Embodiments of the present invention may be implemented in hardware, firmware, software, or any combination thereof. Embodiments of the present invention may also be implemented as instructions stored on a machine-readable medium, which may be read and executed by one or more processors. A machine-readable medium may include any mechanism for storing or transmitting information in a form readable by a machine (e.g., a computing device). For example, a machine-readable medium may include read only memory (ROM); random access memory (RAM); magnetic disk storage media; optical storage media; flash memory devices; electrical, optical, acoustical or other forms of propagated signals (e.g., carrier waves, infrared signals, digital signals, etc.), and others. Further, firmware, software, routines, instructions may be described herein as performing certain actions. However, it should be appreciated that such descriptions are merely for convenience and that such actions in fact result from computing devices, processors, controllers, or other devices executing the firmware, software, routines, instructions, etc.


LIST OF ABBREVIATIONS USED HEREIN



  • α1—detrended fluctuation analysis short-term exponent

  • a.u.—Arbitrary units

  • AUC—Area under the receiver operating characteristic curve

  • AVNN—average value of the NN intervals

  • BMI—body mass index

  • BP—blood pressure

  • CAD—Coronary artery disease

  • CV—cardiovascular

  • CVD—cardiovascular disease

  • CVE—cardiovascular event

  • DFA—Detrended fluctuation analysis

  • ECG—Electrocardiogram

  • F(n)—DFA root-mean-square fluctuation function of the integrated and detrended data, computed using windows of length n

  • HDL—high density lipoprotein

  • HF—High frequency spectral power (e.g., total spectral power of all NN intervals between 0.15 and 0.4 Hz)

  • HR—heart rate

  • HRF—heart rate fragmentation

  • HRV—heart rate variability

  • IALS—Inverse of the average length of the acceleration/deceleration segments.

  • IDEAL—Intercity Digital Electrocardiogram Alliance

  • LF/HF—ratio of low to high frequency power

  • MESA—Multi-Ethnic Study of Atherosclerosis

  • NN—Normal-to-normal (sinus) interbeat interval

  • ORn—Normalized odds ratio

  • PAS—Percentage of NN intervals in alternation segments

  • PIP—Percentage of inflection points (e.g., changes in heart acceleration sign)
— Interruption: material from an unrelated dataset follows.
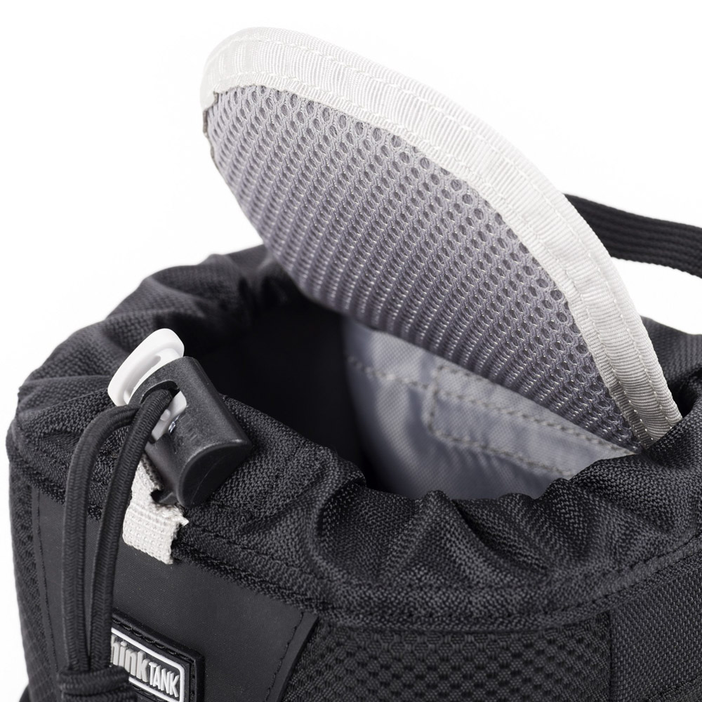 Pokrowiec Think Tank Lens Changer 35 V3.0 jest częścią modułowego systemu pasów. To wodoodporny nylonowy pokrowiec przeznaczony do przechowywania kompaktowych obiektywów zmiennoogniskowych, takich jak 24-70mm f/2.8 lub 70-200mm f/4 z osłoną obiektywu. Futerał na obiektyw mocuje się do dowolnego paska, pasa Think Tank lub plecaka, dzięki czemu można go z łatwością używać podczas fotografowania i zmieniać obiektywy w podróży.

  • pNN20—Percentage of differences between adjacent NN intervals that are greater than 20 ms

  • pNN50—Percentage of differences between adjacent NN intervals that are greater than 50 ms

  • PSG—polysomnography or polysomnogram

  • PSS—Percentage of NN intervals in short segments

  • RR—Cardiac interbeat interval (e.g., R-to-R (interval))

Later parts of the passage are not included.